Cramer promised anything we might need for a successful pre-conference. She is, she said, "a voice, an advocate, and a friend" to the next generation.
In candid comments, Conference Committee Chair Kathy Merchant, President and CEO of the Greater Cincinnati Foundation, marvelled at the diversity present in the room, remarking that one could put a similar number of people of her generation in the room "and we wouldn't look like you."
History's most diverse generation has come of age and not a moment too soon. As someone who has worked in the nonprofit world her entire professional life, Merchant noted the incredible challenges ahead for our nation and our world and wondered if the structures we have built would be sufficient to handle them.

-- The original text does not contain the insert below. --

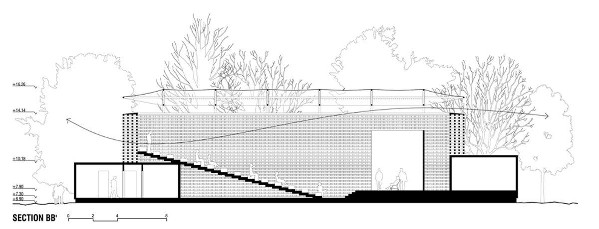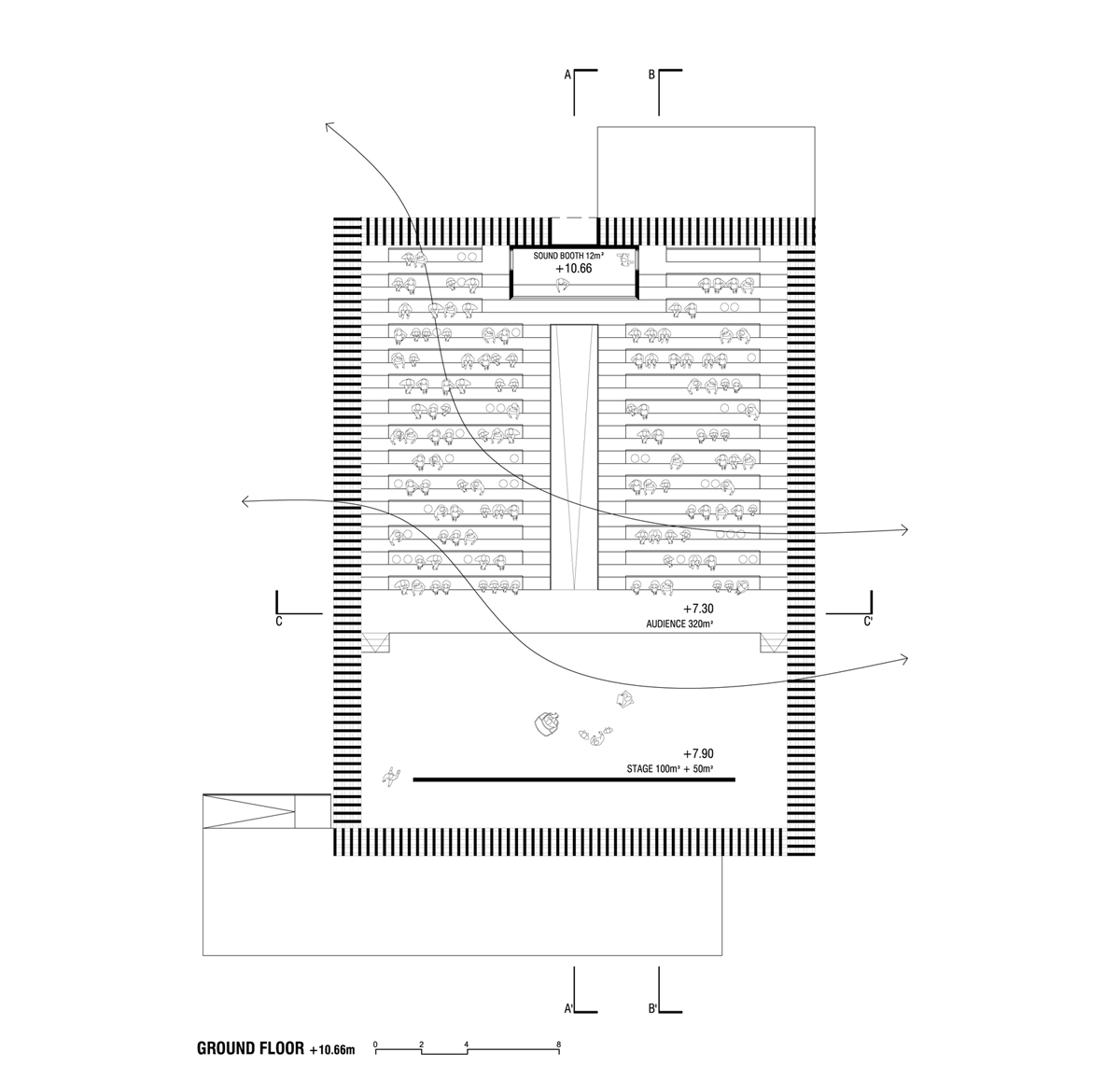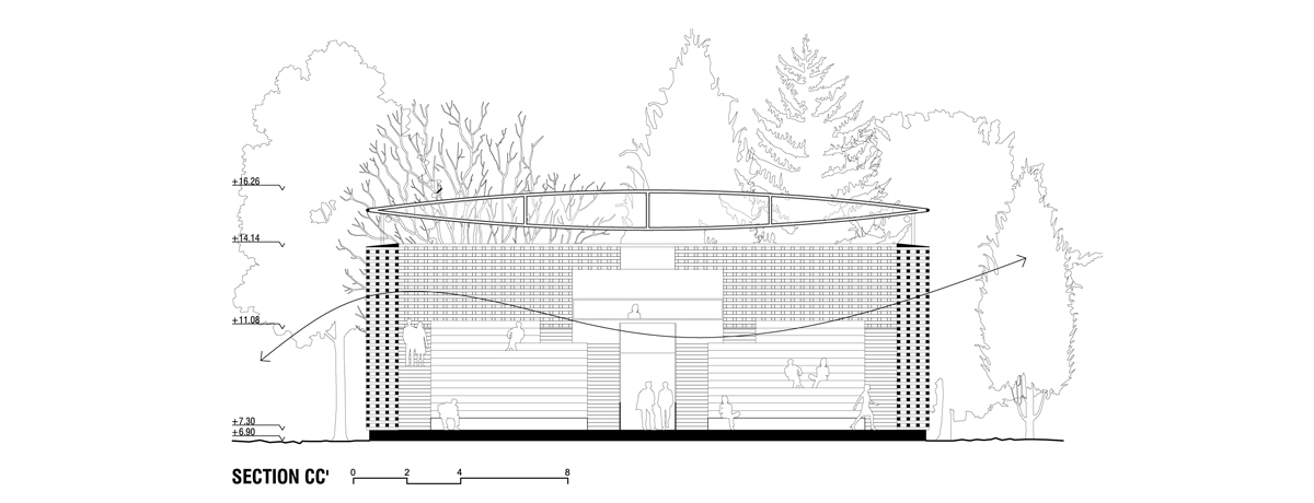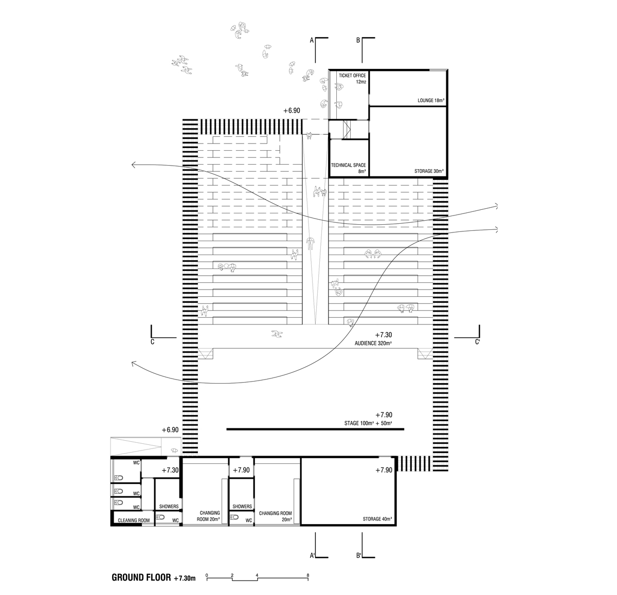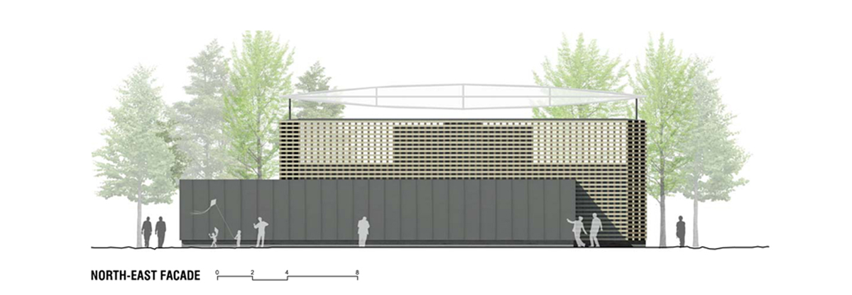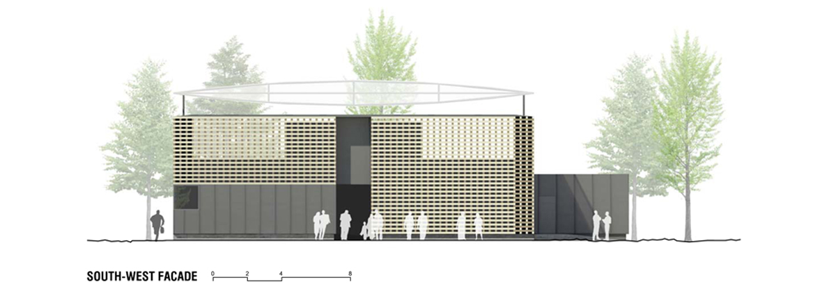 El proyecto plantea un espacio cerrado, a cubierto y con todos los requerimientos para el correcto funcionamiento de un teatro de verano, pero que a la vez permita disfrutar del paisaje y de la naturaleza del lugar donde se encuentra. Para ello, planteamos un espacio a la manera de un claro en el bosque, realizado por una estructura de piezas apiladas de madera que recuerdan un “Taapeli”, una construcción tradicional finlandesa para el secado de la madera. Dentro, el aire circula, las visiones perpendiculares a los muros permiten la visión a través, y todo bajo una visión del cielo posible gracias a una cubierta transparente de ETFE tensado que protege de la lluvia. Un interior que es exterior.

"We've installed a lot of fences," added Council Board Chair Ralph Smith, Executive Vice President of the Annie E. Casey Foundation. Smith noted his admiration for how EPIP has been able to use generation to unite young people across the barriers erected between different types of grantmakers and between funders and nonprofits.
"It augurs well for our field," he said. "These barriers are not natural, and they're not inherent [to this work]."
Whether these obstacles remain a part of philanthropy will rest with those with the courage and the wisdom to break down the walls that keep those in the sector apart from one another.
"Not many in my generation know how to do that," Smith said.
All in all, this visit from the Council's leadership was both an impressive vote of confidence in the next gens assembled and a recognition of the power of the next generation's collective voice. It wasn't long ago that programs like this were unheard of. And if they did occur, they didn't always receive the welcome we did. That's an innovation I would like to see passed on.